This section collects any data citations, data availability statements, or supplementary materials included in this article.

Supplementary Materials

MMC1

Data Availability Statement

All SVM data sets and code are available on Github and can be accessed by the following link: https://github.com/SingharoyLab/H1N1_host_interaction.

A detailed list of chemical and biological reagents including their sources and catalog numbers can be found as Table S1 in the Supporting Information.

Glycopolymer synthesis and characterization.
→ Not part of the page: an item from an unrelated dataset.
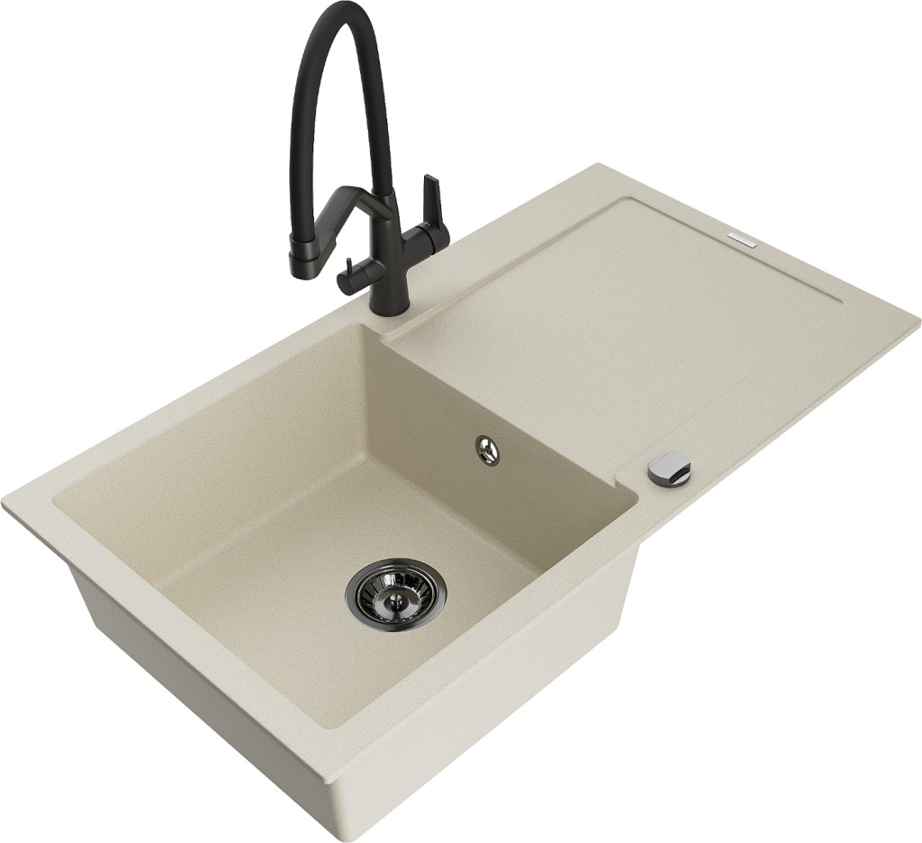 Speciální složení materiálu použitého pro výrobu je žula (80% žula – kámen, 20% pryskyřice) a jeho vysoká hustota garantuje bezpečné používání výrobku, a proto jsou granitové dřezy tak oblíbené. Díky povrchové úpravě nejsou na granitovém dřezu vidět zaschlé kapky, je odolný vůči skvrnám a neztrácí barvu. Povrch je odolný vůči nárazu, poškrábání, změně barvy, vysoké teplotě a teplotním šokům. Při jejich údržbě se používají obvyklé čistící, prostředky nebo prostředky na nádobí s jemným abrasivem. Výhodou je rozmanitá barevná nabídka.
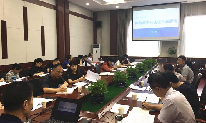 为贯彻落实《教育部关于印发< 普通高等学校师范类专业认证实施办法(暂行)>的通知》文件精神,顺利开展开云官网师范专业认证工作,7月10日下午,副校长韩权在办公楼会议中心第四会议室主持召开师范专业认证工作会。教务处、学生处、招就处、人事处、计财处、国资处、图书馆负责人,开办师范类专业学院院长、教学副院长、专业负责人等40余人参加了会议。

Fluorescently labeled glycopolymers end-functionalized with an azide (GP) used in this study and their polymeric precursors (P) were prepared using the RAFT polymerization method according to previously published procedures54 and are summarized in Figure 2 and described in detail in SI.

Cell culture.

Madin-Darby Canine Kidney (MDCK) cells:

MDCK cells were cultured in Dulbeco’s modified Eagle’s medium supplemented with 10% FBS, 100 U/mL penicillin, and 100 U/ml streptomycin.

Viral culture.

Influenza virus strain A/PR/8/34 (H1N1, ATCC VR-1469) was purchased from ATCC and propagated in MDCK cells that were transferred to DMEM medium supplemented with 0.2% BSA fraction V, 25mM HEPES buffer, 2 μg/ml TPCK-trypsin, and 1% penicillin/streptomycin (“DMEM-TPCK” media). The same strain was used for viral production in embryonated chicken eggs. Briefly, fertilized chicken eggs were obtained and stored at 37 °C. When the embryos were 10 days old (assessed by candeling), virus was injected through small holes made in the shell over the air sac. The holes were covered with parafilm and the eggs were placed back at 37 °C. After two days, the eggs were chilled to prepare for harvest. The eggshells were cut open above the airsac and the allantoic fluid was carefully collected into centrifuge tubes without rupturing the yolk. The tubes were centrifuged to pellet any debris and the supernatant containing virus was aliquoted into 1 mL cryovials and stored at −80 °C.

Viral titers.

Turkey red blood cells were purchased from Lampire and a 1% solution was used to determine viral titers via the hemagglutination test. MDCK cells were used to determine the 50% tissue culture infective dose (TCID50) using the Spearman-Karber method.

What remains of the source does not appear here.